COLLECTED DATA ::

# # # # #

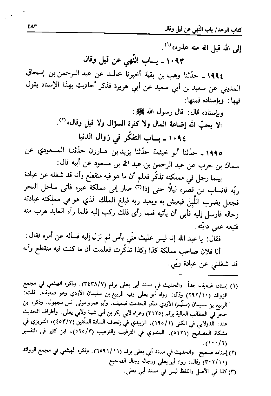 1995 - حَدَّثَنَا أَبُو خَيْثَمَةَ، حَدَّثَنَا يَزِيدُ بْنُ هَارُونَ، حَدَّثَنَا الْمَسْعُودِيُّ، عَنْ سِمَاكِ بْنِ حَرْبٍ، عَنْ عَبْدِ الرَّحْمَنِ بْنِ عَبْدِ اللَّهِ بْنِ مَسْعُودٍ، عَنْ أَبِيهِ قَالَ: بَيْنَمَا رَجُلٌ فِي مَمْلَكَتِهِ تَذَكَّرَ فَعَلِمَ أَنَّ مَا هُوَ فِيهِ مُنْقَطِعٌ وَأَنَّهُ قَدْ شَغَلَهُ عَنْ عِبَادَةِ رَبِّهِ، فَانْسَابَ مِنْ قَصْرِهِ لَيْلا حَتَّى إِذَا صَارَ إِلَى مَمْلَكَةِ غَيْرِهِ فَأَتَى عَلَى سَاحِلِ الْبَحْرِ فَجَعَلَ يَضْرِبُ اللَّبِنَ فَيَعِيشُ وَيَعْبُدُ رَبَّهُ فَبَلَغَ الْمَلِكَ الَّذِي هُوَ فِي مَمْلَكَتِهِ عِبَادَتُهُ وَحَالُهُ فَأَرْسَلَ إِلَيْهِ فَأَبَى أَنْ يَأْتِيَهُ؛ فَلَمَّا رَأَى ذَلِكَ رَكِبَ إِلَيْهِ فَلَمَّا رَآهُ الْعَابِدُ هَرَبَ مِنْهُ فَتَبِعَهُ عَلَى دَابَّتِهِ.
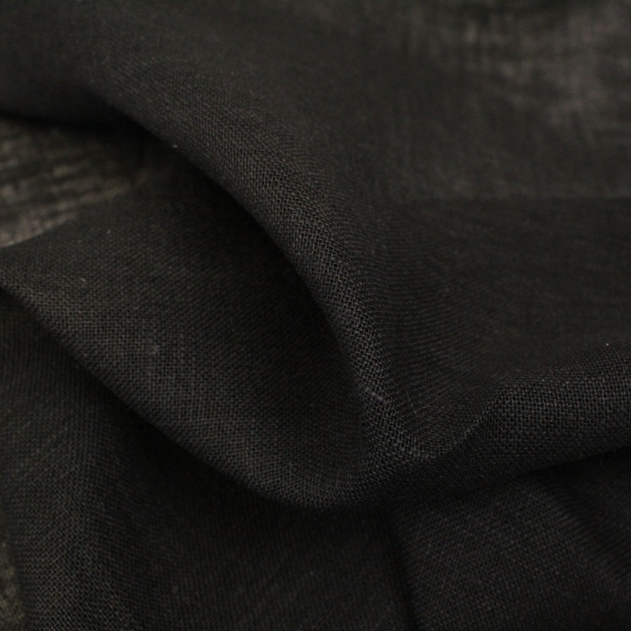 Linen Gauze in Black. This midweight linen gauze is perfect for layering. Suitable for Summer blouses, dresses, skirts, men’s shirts and beach coverups!
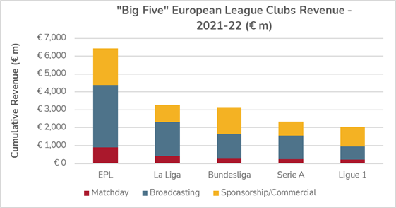 As depicted in the figure above, broadcasting revenue is the largest source of revenue for sports teams across “Big Five” European leagues, contributing approximately half of the team’s revenue. Followed by commercial revenue, which contributes about a third of the revenues, and then matchday revenue.
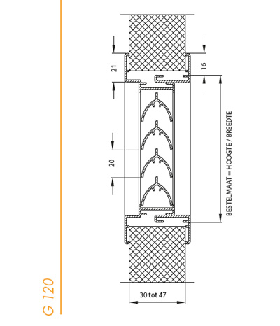- startend bij 105 mm hoogte en minimum 200 mm breed

# # # # #

YOUR GOAL ::
Any picture in the listing above gets left out; output the rest exactly.

ANSWER TO THE EXERCISE ::
 1995 - حَدَّثَنَا أَبُو خَيْثَمَةَ، حَدَّثَنَا يَزِيدُ بْنُ هَارُونَ، حَدَّثَنَا الْمَسْعُودِيُّ، عَنْ سِمَاكِ بْنِ حَرْبٍ، عَنْ عَبْدِ الرَّحْمَنِ بْنِ عَبْدِ اللَّهِ بْنِ مَسْعُودٍ، عَنْ أَبِيهِ قَالَ: بَيْنَمَا رَجُلٌ فِي مَمْلَكَتِهِ تَذَكَّرَ فَعَلِمَ أَنَّ مَا هُوَ فِيهِ مُنْقَطِعٌ وَأَنَّهُ قَدْ شَغَلَهُ عَنْ عِبَادَةِ رَبِّهِ، فَانْسَابَ مِنْ قَصْرِهِ لَيْلا حَتَّى إِذَا صَارَ إِلَى مَمْلَكَةِ غَيْرِهِ فَأَتَى عَلَى سَاحِلِ الْبَحْرِ فَجَعَلَ يَضْرِبُ اللَّبِنَ فَيَعِيشُ وَيَعْبُدُ رَبَّهُ فَبَلَغَ الْمَلِكَ الَّذِي هُوَ فِي مَمْلَكَتِهِ عِبَادَتُهُ وَحَالُهُ فَأَرْسَلَ إِلَيْهِ فَأَبَى أَنْ يَأْتِيَهُ؛ فَلَمَّا رَأَى ذَلِكَ رَكِبَ إِلَيْهِ فَلَمَّا رَآهُ الْعَابِدُ هَرَبَ مِنْهُ فَتَبِعَهُ عَلَى دَابَّتِهِ.
 Linen Gauze in Black. This midweight linen gauze is perfect for layering. Suitable for Summer blouses, dresses, skirts, men’s shirts and beach coverups!
 As depicted in the figure above, broadcasting revenue is the largest source of revenue for sports teams across “Big Five” European leagues, contributing approximately half of the team’s revenue. Followed by commercial revenue, which contributes about a third of the revenues, and then matchday revenue.
- startend bij 105 mm hoogte en minimum 200 mm breed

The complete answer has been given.